È qui che viene fuori il valore aggiunto di un'azienda come la nostra, che non ha mai smesso di fare innovazione e di cercare soluzioni più originali ma oggettivamente testate. Dove altri si limitano a copiare l'esistente e quello che si riesce a intuire a livello di laminazione, noi raccogliamo il frutto di decine di caratterizzazioni del sandwich al vero e al computer, cercando di ottimizzare scelte che vengono da conoscenze acquisite della materia prima.
Oltretutto sulle nostre imbarcazioni per i bracci aliante si è pensato da subito a garantire l'assorbimento del massimo dei carichi possibili, nel rispetto dei limiti di peso imposti dal regolamento. Ovvio il riferimento alla cosiddetta voga italiana, dove i carichi raddoppiano su entrambe le bordate. A maggior ragione chi adotta impostazioni standard potrà beneficiare di un manufatto con rigidità assolute.

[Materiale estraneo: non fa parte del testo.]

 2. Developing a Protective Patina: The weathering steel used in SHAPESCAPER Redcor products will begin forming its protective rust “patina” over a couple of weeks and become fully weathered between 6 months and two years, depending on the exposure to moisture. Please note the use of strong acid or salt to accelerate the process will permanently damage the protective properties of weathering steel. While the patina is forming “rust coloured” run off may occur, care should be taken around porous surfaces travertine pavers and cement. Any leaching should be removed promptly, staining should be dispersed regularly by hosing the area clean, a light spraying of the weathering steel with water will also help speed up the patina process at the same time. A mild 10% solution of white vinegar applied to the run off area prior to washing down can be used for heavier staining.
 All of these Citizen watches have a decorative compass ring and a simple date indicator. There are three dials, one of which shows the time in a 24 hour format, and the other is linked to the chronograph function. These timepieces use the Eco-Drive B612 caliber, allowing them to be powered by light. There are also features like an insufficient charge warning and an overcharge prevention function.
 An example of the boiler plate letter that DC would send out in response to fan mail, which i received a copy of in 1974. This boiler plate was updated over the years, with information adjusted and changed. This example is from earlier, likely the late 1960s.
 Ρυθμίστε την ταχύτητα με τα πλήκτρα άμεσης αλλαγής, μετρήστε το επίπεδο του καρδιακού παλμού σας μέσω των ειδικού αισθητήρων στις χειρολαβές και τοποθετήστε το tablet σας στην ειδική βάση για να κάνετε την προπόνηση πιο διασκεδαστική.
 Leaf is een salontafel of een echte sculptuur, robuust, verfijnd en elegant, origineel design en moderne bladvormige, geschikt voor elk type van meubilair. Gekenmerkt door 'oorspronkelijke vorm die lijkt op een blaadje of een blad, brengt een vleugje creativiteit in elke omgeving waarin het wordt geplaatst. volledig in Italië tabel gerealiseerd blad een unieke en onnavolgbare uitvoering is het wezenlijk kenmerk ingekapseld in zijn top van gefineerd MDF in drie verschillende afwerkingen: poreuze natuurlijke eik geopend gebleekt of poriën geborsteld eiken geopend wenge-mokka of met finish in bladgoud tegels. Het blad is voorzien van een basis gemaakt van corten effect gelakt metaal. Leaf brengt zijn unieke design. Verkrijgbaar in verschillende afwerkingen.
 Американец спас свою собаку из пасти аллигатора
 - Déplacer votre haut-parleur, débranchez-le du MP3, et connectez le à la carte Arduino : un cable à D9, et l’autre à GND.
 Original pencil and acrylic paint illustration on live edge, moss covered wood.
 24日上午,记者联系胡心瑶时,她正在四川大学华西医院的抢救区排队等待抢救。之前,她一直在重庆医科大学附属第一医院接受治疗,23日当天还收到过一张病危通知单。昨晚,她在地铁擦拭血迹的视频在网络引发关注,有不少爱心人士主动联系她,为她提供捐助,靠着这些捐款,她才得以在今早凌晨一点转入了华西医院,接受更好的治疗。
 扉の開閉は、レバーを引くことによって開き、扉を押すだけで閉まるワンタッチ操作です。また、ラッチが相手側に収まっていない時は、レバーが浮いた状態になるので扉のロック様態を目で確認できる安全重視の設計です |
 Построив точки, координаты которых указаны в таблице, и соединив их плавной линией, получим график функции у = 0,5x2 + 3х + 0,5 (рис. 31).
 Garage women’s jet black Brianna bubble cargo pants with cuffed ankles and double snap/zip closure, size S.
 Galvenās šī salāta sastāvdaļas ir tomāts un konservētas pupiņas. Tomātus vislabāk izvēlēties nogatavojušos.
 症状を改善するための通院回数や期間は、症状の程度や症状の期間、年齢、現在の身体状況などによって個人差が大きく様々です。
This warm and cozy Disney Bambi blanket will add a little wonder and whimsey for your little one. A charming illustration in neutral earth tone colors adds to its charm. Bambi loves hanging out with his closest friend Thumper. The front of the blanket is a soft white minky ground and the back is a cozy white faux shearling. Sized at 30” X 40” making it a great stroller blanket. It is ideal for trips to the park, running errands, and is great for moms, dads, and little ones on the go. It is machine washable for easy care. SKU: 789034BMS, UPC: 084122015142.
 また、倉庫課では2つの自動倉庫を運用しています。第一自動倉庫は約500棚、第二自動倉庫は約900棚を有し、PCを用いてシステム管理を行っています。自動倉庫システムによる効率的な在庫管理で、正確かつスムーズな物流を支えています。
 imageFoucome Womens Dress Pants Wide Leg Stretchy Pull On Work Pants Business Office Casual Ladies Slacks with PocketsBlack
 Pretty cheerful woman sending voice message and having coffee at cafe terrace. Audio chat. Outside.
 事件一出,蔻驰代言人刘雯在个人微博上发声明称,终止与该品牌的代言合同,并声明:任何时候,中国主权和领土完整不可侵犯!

Capita che i nostri clienti ci chiedano a posteriori di trasformare di punta, un'imbarcazione nata per l'aliante di coppia. Ovvio che non sia la scelta ad hoc per uno scafo di élite, considerando che nella coppia la stratificazione è ridotta (in ragione dei momenti di torsione differenti) e al peso di per sé maggiore di un braccio di coppia. E lo stesso vale, se si parte dall'acquisto di un'imbarcazione per la punta, aggiungendo successivamente i bracci di coppia. Ben comprendendo le esigenze di un club, ovviamente la struttura del sandwich consente entrambe le soluzioni. Il consiglio, quando è possibile, è quello di indirizzare la scelta su una specialità alla volta.